Yerram Preethi, Karuparthi Poorna R, Hesemann Laura, Horst Jennifer, Whaley-Connell Adam
Department of Internal Medicine, University of Missouri School of Medicine, Columbia, Missouri, USA.
J Am Soc Hypertens. 2007 May-Jun;1(3):178-84. doi: 10.1016/j.jash.2007.01.010.

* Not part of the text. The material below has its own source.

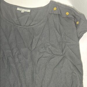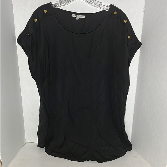This black blouse from Speed Limit 98 features a relaxed fit with cap sleeves and a buttoned front, offering a stylish yet comfortable look. The soft fabric drapes beautifully, making it a versatile addition to any wardrobe.
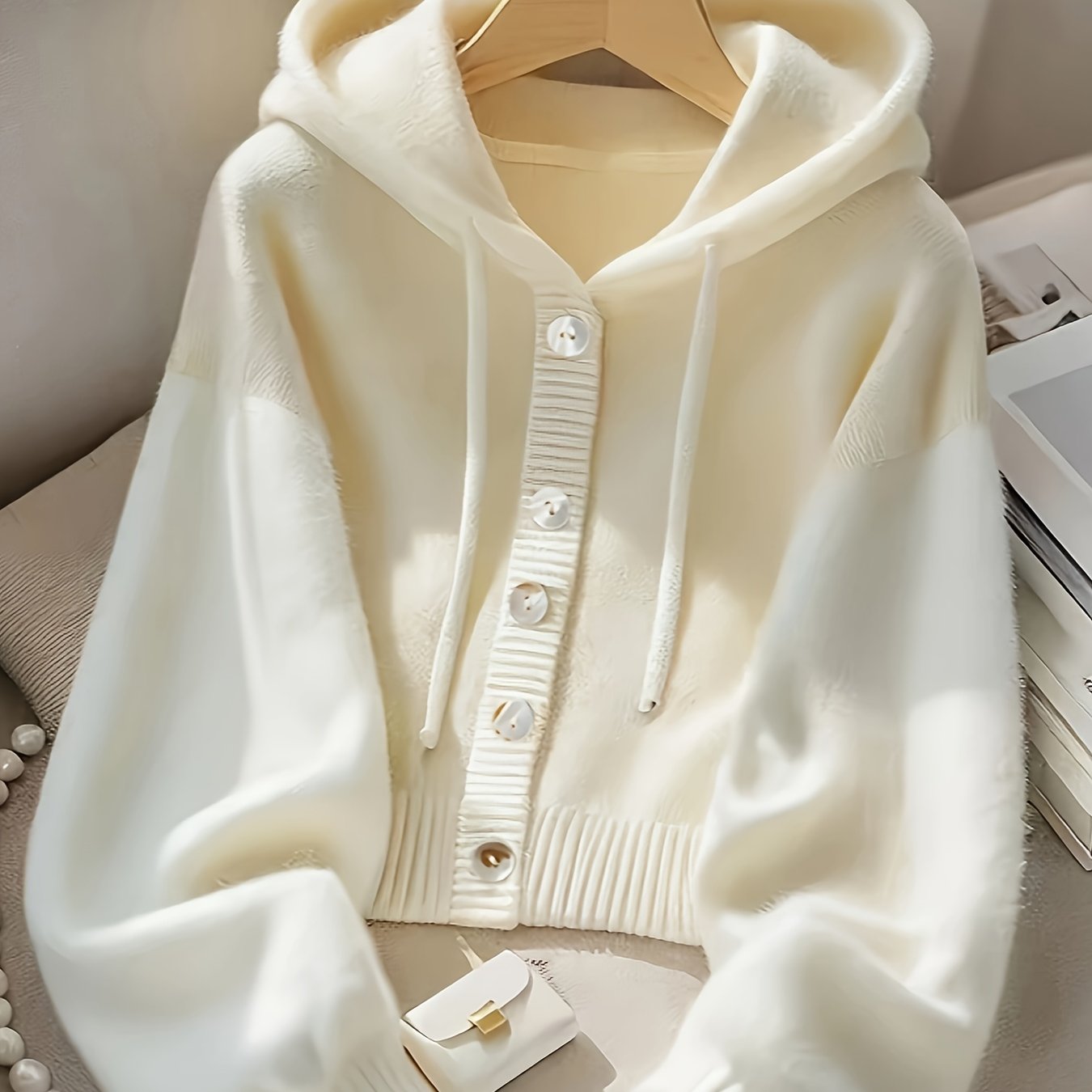 TEMU 여성용 루즈핏 후드 가디건, 부드러운 버튼 프론트 디자인으로 가을, 겨울철에 편안하고 스타일리시한 캐주얼 웨어로 완벽합니다.

Chronic kidney disease (CKD) is a global public health concern, and there is emerging a strong relationship between CKD and increased cardiovascular disease (CVD) risk. CKD in the presence of other co-morbidities such as type 2 diabetes mellitus (T2DM) and hypertension (HTN) can lead to early progression to end-stage renal disease (ESRD/stage V CKD) and confer a greater risk for CVD morbidity and mortality. CVD events are the leading cause of premature death in patients with CKD, even before their progression to ESRD, with the rate of CVD progression being twice as common compared with the general population. The higher mortality from CVD persists even after adjusting for most of the traditional risk factors, suggesting the possible contributions of uremia-related, nontraditional risk factors. This has led to the current understanding that the pathophysiology of CVD in CKD involves a complex interplay of both the traditional as well as nontraditional, uremia-related risk factors. This review will elaborate on the pathophysiology of CVD in CKD and will discuss the role of microalbuminuria (MAU)-proteinuria as a potential diagnostic and prognostic tool for CVD in CKD risk assessment.
慢性肾脏病(CKD)是一个全球性的公共卫生问题,并且CKD与心血管疾病(CVD)风险增加之间正显现出密切关系。存在2型糖尿病(T2DM)和高血压(HTN)等其他合并症的CKD可导致早期进展至终末期肾病(ESRD/CKD 5期),并使CVD发病和死亡风险更高。CVD事件是CKD患者过早死亡的主要原因,甚至在其进展至ESRD之前就是如此,CVD进展发生率是普通人群的两倍。即使在对大多数传统危险因素进行校正之后,CVD导致的较高死亡率仍然存在,这提示了与尿毒症相关的非传统危险因素可能发挥的作用。这使得目前人们认识到,CKD中CVD的病理生理学涉及传统以及与尿毒症相关的非传统危险因素之间的复杂相互作用。本综述将详细阐述CKD中CVD的病理生理学,并将讨论微量白蛋白尿(MAU)-蛋白尿作为CKD风险评估中CVD潜在诊断和预后工具的作用。